I pull my hand away, standing on shaking legs. "You should have warned me it would hurt."
"I didn't know." He rises too, studying his flower-marked arms like they're weapons he doesn't understand. "I've never bound myself to anyone. The covenant never—"
An explosion rocks the garden.
We both spin toward the tunnel entrance. Smoke pours through, and with it comes Sariel's triumphant laugh.
"Found you!"
She emerges with a dozen armed soldiers, all carrying torches. The flames reflect in her wild eyes.
"Did you really think you could hide in the forest's heart?" She spreads her arms like she's giving a blessing. "This place is an abomination. The old magic that should have died centuries ago. But don't worry—I brought enough fire to cleanse it properly."
"You'll destroy everything!" I shout. "The Heart Tree is what keeps the forest alive—"
"Good!" Sariel's smile is mad. "Let it die. Let this cursed place burn until nothing remains but ash and memory. Then we'll build something pure on top of its corpse."
The Thorn King steps in front of me. "You'll have to go through me first."
"Gladly." Sariel gestures, and her soldiers raise crossbows. "Though I'm curious—why protect the witch? She's the reason your precious covenant failed. She's the contamination that broke a thousand years of tradition."
"The tradition was already broken," he says coldly. "It's been dying for centuries, and you knew it. That's why you're so desperate to stop us from fixing it."
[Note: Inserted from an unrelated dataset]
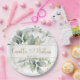Dieses Design zeigt eine Abbildung von grün und goldgrün Blattwerk und goldenen Effekt Konfetti. Braut- und Gräuelnamen werden im Herzen des Schriftartes geschrieben. Wenn Sie diesen kalligrafischen Schriftart verwenden möchten, kontaktieren Sie mich bitte, um die Namen zu ändern. Ansonsten können Sie den Text nach Ihren Wünschen anpassen.

Something flickers across Sariel's face. Fear.
"You don't know anything," she hisses.
"I know you're terrified of losing control." The Thorn King's thorns begin to writhe. "For decades, you've used the sacrifice to maintain power. The kingdom fears the forest, so they need you to protect them. But if the covenant is restored, if the forest becomes something other than a death trap, you become irrelevant."
"That's a lie—"
"Is it?" I step out from behind him, my own magic flaring gold. "How many women have you burned, Sariel? How many girls did you call witches just because they threatened your authority?"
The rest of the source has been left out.